From the get-go it has been an unwieldly experiment, this union of ours. Conceived amid grievances shared, forged in protracted battle against foreign lords and their mercenaries, it was launched as a practical necessity for the survival of a fragile, newborn republic.

A faulty foundation of human bondage and stolen land made it destined to result in friction and fracture and near-collapse some four score and five years later. The narrative of that time handed down to 20th-century Americans was blissfully straightforward: Four years of fraternal conflict wiped out the evil of slavery and prevented our wayward southern neighbors from dissolving our sacred union. But the great victory came in the aftermath as we labored to “bind up the nation’s wounds,” as Abraham Lincoln prescribed in the days before his murder by a secessionist gunman.

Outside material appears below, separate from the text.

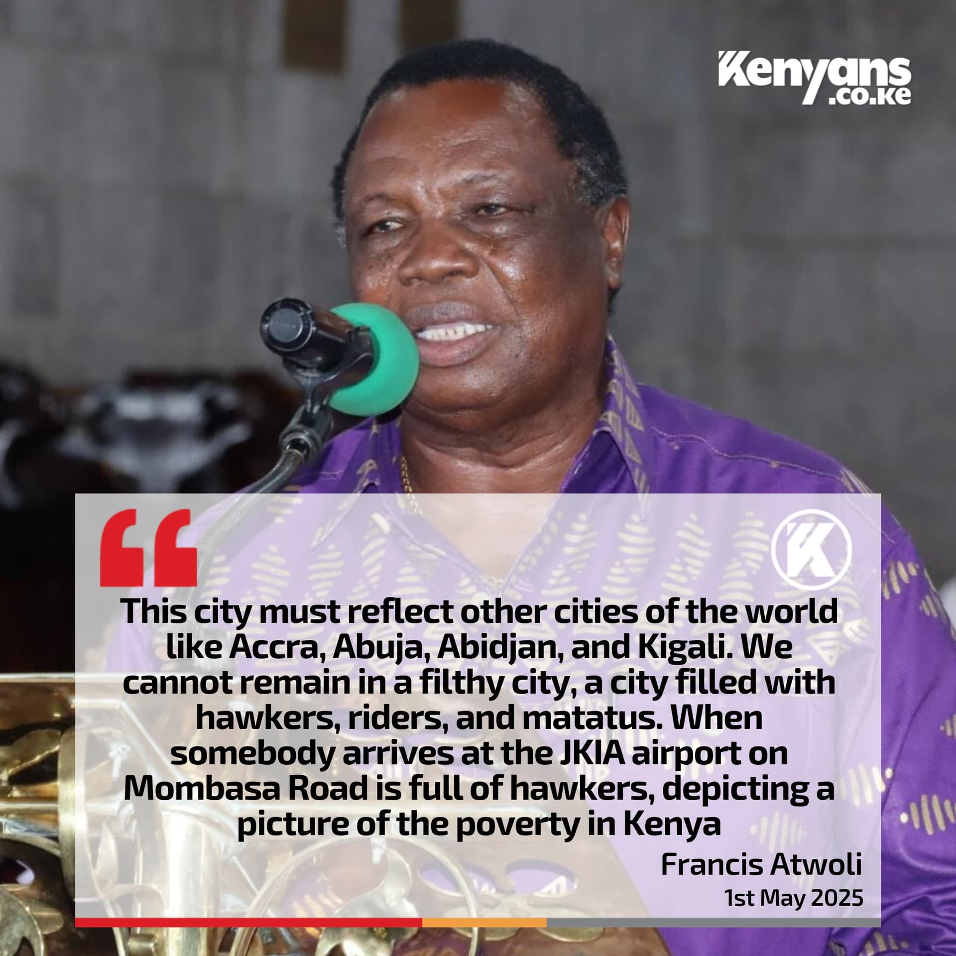 “Even the national park, where we have animals, must be used to develop Nairobi. We need a new Nairobi with roads, facilities, and proper industrial parks because it is only Nairobi that has not been decongested in Africa,” Atwoli said.

E pluribus unum. Out of many one. It’s the official motto of the nation, and while the modern interpretation has grown to include our absorption of people from around the globe in our melting pot, its origin was a reference to the coalescing of the former colonies into a single nation-state. It was the notion that — despite significant differences— we are stronger together.

That is still the case. And despite the appeal of this current president to the most craven among us, it’s still an ideal worthy of our devotion.

That said, the pace and frequency of mass murders using weapons intended for battlefield use may be the greatest test of this union’s endurance since Lincoln entered the White House.

Imagine yourself the mother or father of a Sandy Hook child who had been slaughtered in her classroom. Or the sibling of a slain teen in a Parkman High hallway. Or the orphan left crying in her parent’s gore in a Walmart aisle in Texas. Or the widow or widower left behind after the next one. And the next one. And the next one.

What are battered and bloodied partners to do when their other halves refuse to lock down their arsenals or even to have the discussion? Shall we just resign ourselves to being a nation of ritualistic wholesale massacres of our children and neighbors?

This is not a Second Amendment matter, by the way. Reasonable firearm ownership for personal protection can and should be allowed. And this is not just about Trump, although his racist rhetoric is clearly intended to incite those intent on targeting people of color in particular. He is guilty of widening the racial chasm and spurring on the crazies who hang on his every tweet.

But the truth is that madmen were mowing down innocents long before this president took office, and, sadly, they’ll likely do it again under the next one without dramatic change. When Trump has left the stage, there’ll still be large sections of the nation where the majority of residents refuse to halt the proliferation of lethal, mass-casualty weapons of war on our streets. And since he is clearly untrustworthy and without conviction to begin with, we all just have to move past him as if he were already gone.

The general hopelessness and malaise that now greet each successive wave of bloodletting is at once our national disgrace and our heaviest burden. What will it take to break the vise-like grip of the gun lobby on reasonable men and women in Washington? Americans across all lines must muster the courage to challenge their friends and relations - who apparently have not yet seen enough carnage – and talk to them about what this onslaught of violence is doing to us as a people.